The last post tried to demonstrate how a shared family meal is powerfully generative, with the power to produce, or generate a way of thinking, acting, and responding to circumstances. In particular, children learn from the adults at the table not only civilized table manners and social customs, but about life and death, good and evil, right and wrong. In short, the table is a place for a child to observe what it means to be an adult. For believers, this becomes even more significant, because this is our shared practice for learning what it means to be a man, woman, child, and family of God.
It is also deep mystery how shared table time as a routine practice helps children develop a healthy attitude toward ritual and tradition. It has a potent and lifelong carryover effect on their sense of family and belief, acting as a liturgy of sorts for creating that daily rhythm of how a flourishing family life should flow. And, in this day and age, when culture kidnaps our children at younger and younger ages, this table time protects them. The physical food they eat with us is a symbol of God’s ever-present provision, help and sustenance. This family table is the place we can teach our children what we know of God, and where they can watch us live that love out.

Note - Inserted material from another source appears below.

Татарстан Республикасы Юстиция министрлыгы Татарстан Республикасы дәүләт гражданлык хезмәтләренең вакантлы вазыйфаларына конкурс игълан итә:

Over many years as a professor at a Christian college, I had students regularly tell me of their struggles to know God. They are so fraught with an urgency to seem grown up without really wanting just yet to actually grow up, that they tend to leave looking for God by the wayside as they try to find themselves. This is quite natural for that age, but they almost universally and wistfully wish they could balance school, work, friends, and faith better than they do. In nearly every situation, my best counsel to them was to become more familiar with who God is, and to study his attributes, his Word, his actions throughout the generations, his dying and undying love for them, and his unchangeable nature. For my students, so focused on mission, I point them toward God because they need a better-developed sense of co-mission as they train (this, too is practice) for a lifelong vocation.

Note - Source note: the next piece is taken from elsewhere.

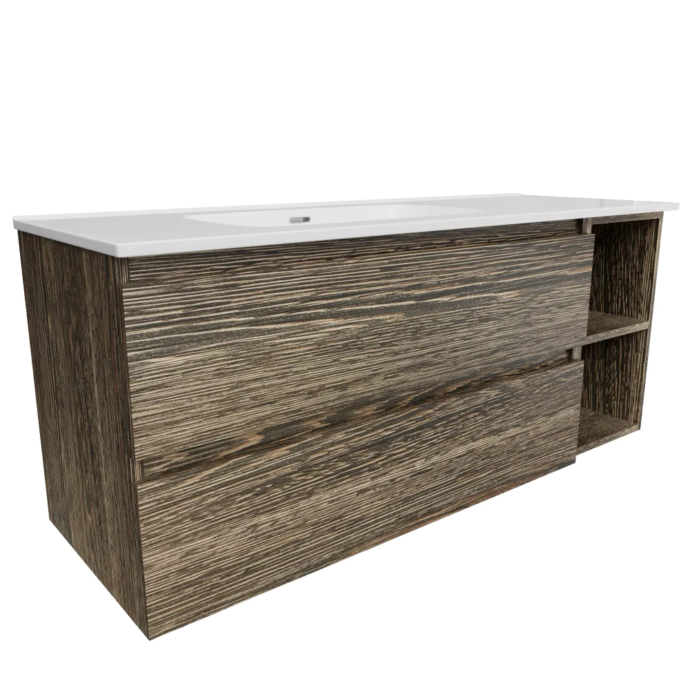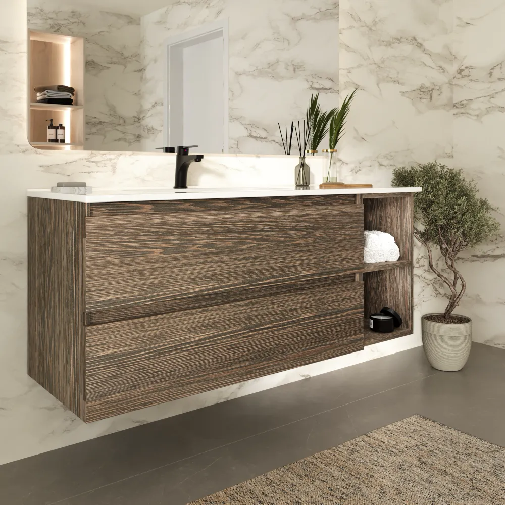Mobile bagno sospeso 90cm due cassetti rovere scuro vintage wenge con lavabo sinistro e vano a giorno | Hexa

What does that have to do with the family table? The table, with its rich undertones of grace, acceptance, sustenance and togetherness is where parents can use, no matter how brief, the stories of the day just ending to teach their children about God. Mary wasn’t much older than a child when Gabriel announced God’s favor upon her. In her song of response, Mary demonstrates a deep knowledge of and trust in God, exclaiming, “His mercy extends to those who fear him, from generation to generation. He has performed mighty deeds with his arm; he has scattered those who are proud in their inmost thoughts. He has brought down rulers from their thrones but has lifted up the humble. He has filled the hungry with good things but has sent the rich away empty. He has helped his servant Israel, remembering to be merciful to Abraham and his descendants forever, even as he said to our fathers.” (Luke 1:50-55)
Mary knows, fears, and reveres her God. It is nearly impossible to revere or fear a God you do not know well. When our knowledge and understanding of God is unformed, we are vulnerable to the human tendency to revere and fear the wrong things. When we revere money, we find ourselves fearing a fickle economy. If we revere health and youth, then illness, aging, even dying frighten us. Our reverence for providing for our own safety and security is born out of a fear of tragedy or calamity. But, at the table, we learn about a God who says throughout history, “Trust me, let peace rule in your heart. I care for you. I give you bread not stones. I love you so much and so completely that I died for you. I am here for you, present among you, and I will never leave you.”
The table truly does provide a powerful opportunity for testimony to our children. In our families, sharing our lives, our family history, our joys and our tears around the table, we also share in the love and knowledge of God. Our children not only learn the stories of our faith, they learn the stories of the family’s encounters with God through its history. We model for children what it means to trust God, to love him with a sincere and devoted heart out of fear and reverence for his holiness, his incarnation, his substitutionary death, and his promise to return. “Food is a direct route to the intimacies of life.” This is food for hungry souls.
Think about planning some family meals this week-for everyone’s sake!
~Julie A.P. Walton, Ph.D.
 Weinstein, The Surprising Power of Family Meals, p. 69.